4. .html derivates. significant and increasingly so.
well, not quite "dead-wrong", but still wrong nonetheless. the .html files have far too little consistency to be used in a systematic creation of derivatives, not without glitches... some places use the .html file, but then "fall back" to the plain-text version if they see problems with the derivative. but most can't spend that much energy on quality-control, so they've resigned themselves to using the plain-text files. which is not that big of a sacrifice, to be perfectly honest... indeed, the system giving the most consistently best results is the iphone viewer-app "eucalyptus", which utilizes _only_ the plain-text files; his converter is giving very good output. and, to help get people's heads on, and completely straight, it's good to do the reminder that many of the .html files are the result of a straight-out conversion of the plain-text file. and these files, because they're machine-generated, _are_ consistent enough to be used in a systematic conversion... it's the "hand-crafted" ones that cause all of the problems, which is something that i first pointed out many years ago. when problems with the auto-generated .html files do occur, it's usually due to an underlying glitch in the plain-text file. so auto-conversion of plain-text is the best way to proceed. and i've maintained for 7 years now that such a conversion is not just _possible_, but our best course of action to follow... for several years after i started, i left my argument unproven, just to see who would jump at the bait and try to dispute it... after destroying all that opposition, i have since proven that it is indeed possible to use a plain-text file as your "master". why y'all continue to ignore this proof, i simply do not know. but i'll keep making the case, until all of you can see it clearly. -bowerbird

While I agree more with BB's conjecture, than Don's I have seen no real statistical evidence on either side. My own experience, which is very old now, is of encountering titles in Palm-compatible formats that had manifestly been derived mechanically from the PG plain-text versions. This is just an anecdotal point, but it matches BB's "eucalyptus" data point. This doesn't seem to hard to research though.

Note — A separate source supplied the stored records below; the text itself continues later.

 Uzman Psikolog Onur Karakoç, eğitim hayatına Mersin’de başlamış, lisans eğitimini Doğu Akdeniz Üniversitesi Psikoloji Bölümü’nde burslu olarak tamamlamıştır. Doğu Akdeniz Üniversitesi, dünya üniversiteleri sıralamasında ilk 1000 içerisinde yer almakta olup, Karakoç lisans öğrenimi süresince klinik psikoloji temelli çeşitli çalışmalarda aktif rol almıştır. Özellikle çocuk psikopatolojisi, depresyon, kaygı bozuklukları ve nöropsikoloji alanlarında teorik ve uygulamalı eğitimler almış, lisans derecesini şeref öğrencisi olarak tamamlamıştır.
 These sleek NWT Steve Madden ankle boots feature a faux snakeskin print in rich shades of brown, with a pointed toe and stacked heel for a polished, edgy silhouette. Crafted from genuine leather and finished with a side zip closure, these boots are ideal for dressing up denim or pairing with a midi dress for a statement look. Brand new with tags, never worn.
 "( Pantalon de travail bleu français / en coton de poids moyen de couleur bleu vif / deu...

For grins I rummaged around for e-book versions of something I am familiar with. I found two separate conversions of _Sunshine Sketches_ by Leacock. Despite the existence of a nice HTML version by David Widger, both the PDF and HTML versions I found were based on the PG text version, using the text version of the TOC and having the double- hyphen version of M-dashes. So there's two more random data points in BB's column. On 14-Apr-2010 18:42, Bowerbird@aol.com wrote:
dakretz said:
How accurate is this assessment?
it's half-assed accurate.
============================================================ Gardner Buchanan <gbuchana@teksavvy.com> Ottawa, ON FreeBSD: Where you want to go. Today.

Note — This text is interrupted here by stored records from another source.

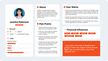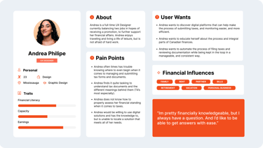 After reviewing and synthesizing my user interview notes, clear patterns began to emerge. These insights helped shape three personas, each representing different levels of experience with taxes and differing needs, goals, and priorities.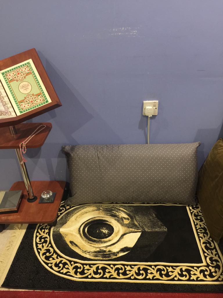 ركن بسيط على الأرض هيأته لرمضان لقراءة القرآنركن بسيط على الأرض هيأته لرمضان لقراءة القرآن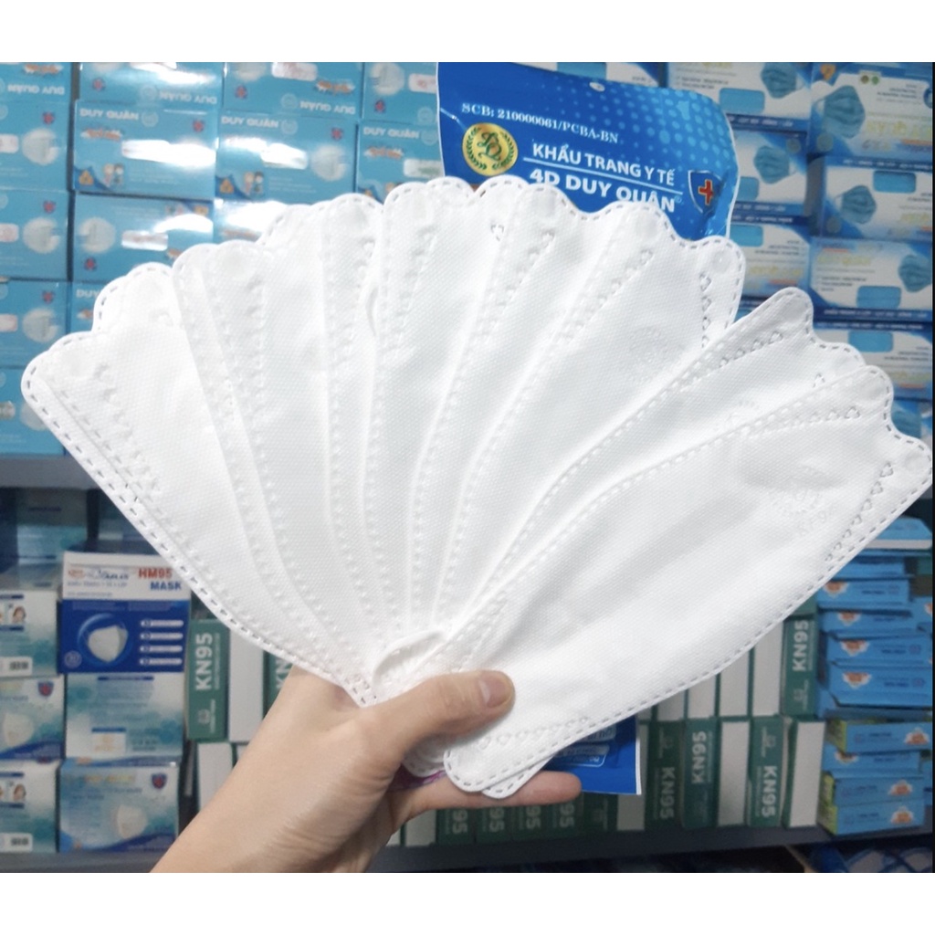 Khẩu Trang 4D hãng Duy Quân cực kỳ chất lượng bảo vệ sức khoẻ chuẩn bộ y tế Sản phẩm là từ vải kháng khuẩn có lớp SMS lọc bụi giúp lọc bụi bẩn, vi khuẩn rất tốt Form 4D hiện đại, thoáng giúp hạn chế giọt bắn bảo về sức khoẻ

On Wed, 14 Apr 2010, Gardner Buchanan wrote:
While I agree more with BB's conjecture, than Don's I have seen no real statistical evidence on either side.
My own experience, which is very old now, is of encountering titles in Palm-compatible formats that had manifestly been derived mechanically from the PG plain-text versions. This is just an anecdotal point, but it matches BB's "eucalyptus" data point.
Another couple of anecdotal points. There are two paper publishers I've worked with a bit. Not recently, but a couple of years ago. Both had scripts to take the plain text and allow them to typeset in a couple of hours. They didn't use the html ever because it threw too many exceptions that required hand input to resolve, and therefore took a lot longer to get typeset. The proofread after to make sure nothing got messed up took longer. -- Greg Weeks http://durendal.org:8080/greg/

Does anyone know of any epublisher other than PG that *does* distribute the html we provide? Don On Wed, Apr 14, 2010 at 5:48 PM, Greg Weeks <greg@durendal.org> wrote:
On Wed, 14 Apr 2010, Gardner Buchanan wrote:
While I agree more with BB's conjecture, than Don's I have seen
no real statistical evidence on either side.
My own experience, which is very old now, is of encountering titles in Palm-compatible formats that had manifestly been derived mechanically from the PG plain-text versions. This is just an anecdotal point, but it matches BB's "eucalyptus" data point.
Another couple of anecdotal points. There are two paper publishers I've worked with a bit. Not recently, but a couple of years ago. Both had scripts to take the plain text and allow them to typeset in a couple of hours. They didn't use the html ever because it threw too many exceptions that required hand input to resolve, and therefore took a lot longer to get typeset. The proofread after to make sure nothing got messed up took longer.
-- Greg Weeks http://durendal.org:8080/greg/
_______________________________________________ gutvol-d mailing list gutvol-d@lists.pglaf.org http://lists.pglaf.org/mailman/listinfo/gutvol-d

Does anyone know of any epublisher other than PG that *does* distribute the html we provide?
Not sure exactly what you are asking but Apple for example takes the PG html, strips out the PG legalize and acknowledgment of the volunteers, converts it to EPUB with DRM, and redistributes it "free" [where "Free" in this case means being only able to get then book in DRM form and only being able to get it directly from the Steve Jobs iPad monopoly] One knows they are not working from the txt versions of the files because the Apple redistributions contains chars and formatting found only in the HTML versions. FreeKindleBooks redistributes in HTML form converted to MOBI and retaining all the PG legalize and requirements. Mobileread has volunteers which take the HTML usually heavily reformat it, strip it, and republish in MOBI and EPUB formats while cackling about how much better their versions are! Many other sites appear to "down-convert" to a least-common-denominator ASCII format before "up-converting" back to HTML, MOBI, EPUB, etc. Presumably they are working from an ASCII version of an old DVD distribution - getting "working" EPUB and MOBI from the HTML formats tends to be "non-trivial", not to mention that some sites republish in say two dozen different formats.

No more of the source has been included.